--- Source material Enclosed Below ---

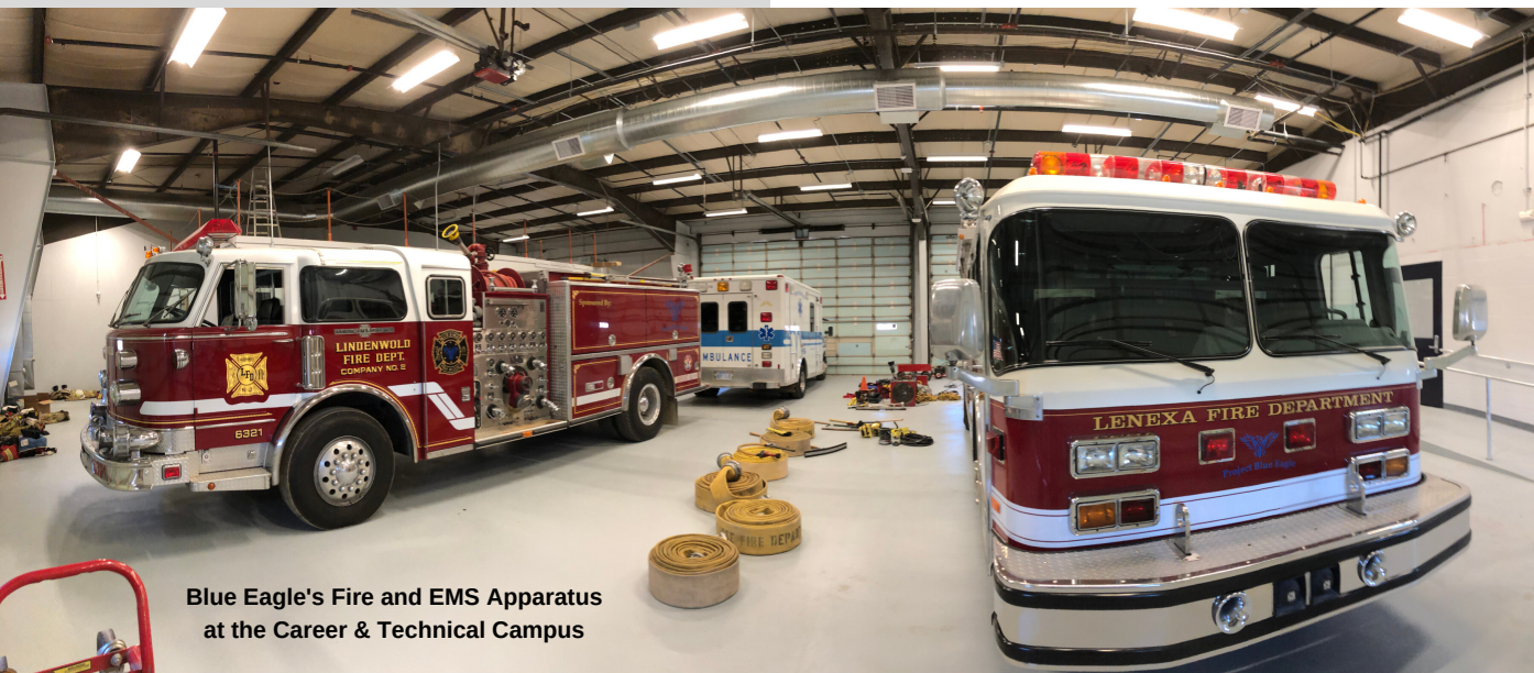
Blue Eagle's Fire and EMS Apparatus at the Career & Technical Campus
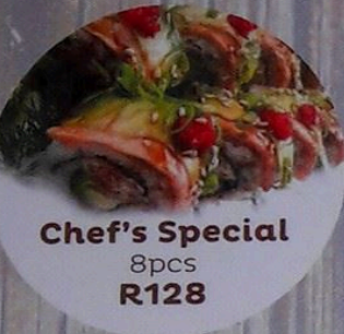
Chef's Special 8pcs R128
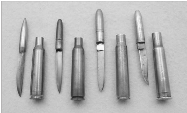
L to R - WAC 6.5x55 Swedish - Herters Custom 6.5x55 Remington 9mm - R-P 30-40 Krag

For the last few months I have been running an ad "Wanted ammo knives." These can also be called cartridge knives, bullet knives or novelty letter openers, if you choose. The older versions of these knives featured a rifle cartridge which, when the bullet is pulled out by hand, had a small knife affixed to the base of the bullet. By turning the bullet around and inserting it into the case, a handy dandy knife would be ready for use. Albeit not your defense knife, but a good letter opener or a fingernail cleaner or ink eraser (if you are old enough to know what that was all about).
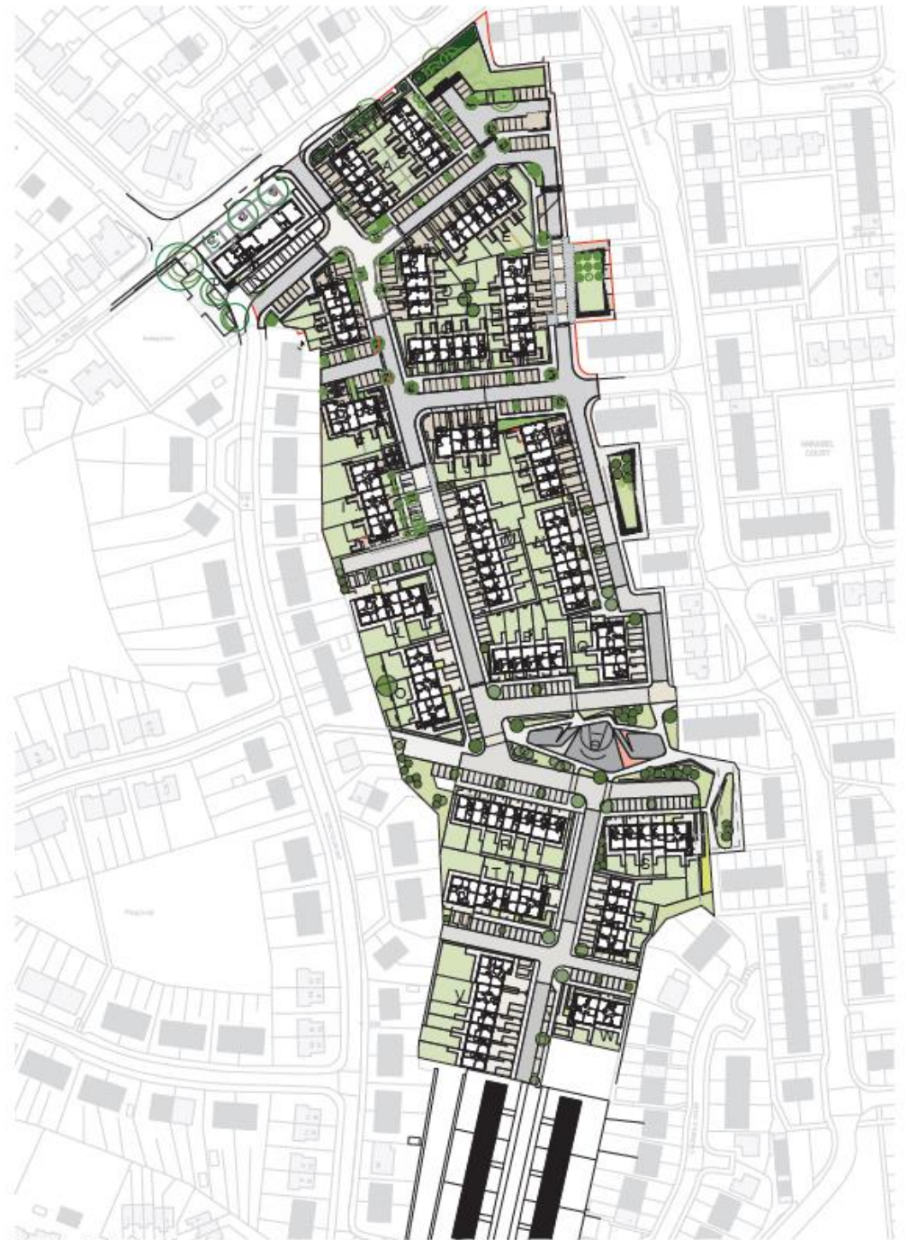
Site plan showing Phases 1 and 2

--- End of Enclosed Source material ---

What you need to do:
Without the pictures, transcribe exactly the lines above from the one containing "For the last" through the last.

Completed task:
For the last few months I have been running an ad "Wanted ammo knives." These can also be called cartridge knives, bullet knives or novelty letter openers, if you choose. The older versions of these knives featured a rifle cartridge which, when the bullet is pulled out by hand, had a small knife affixed to the base of the bullet. By turning the bullet around and inserting it into the case, a handy dandy knife would be ready for use. Albeit not your defense knife, but a good letter opener or a fingernail cleaner or ink eraser (if you are old enough to know what that was all about).
Site plan showing Phases 1 and 2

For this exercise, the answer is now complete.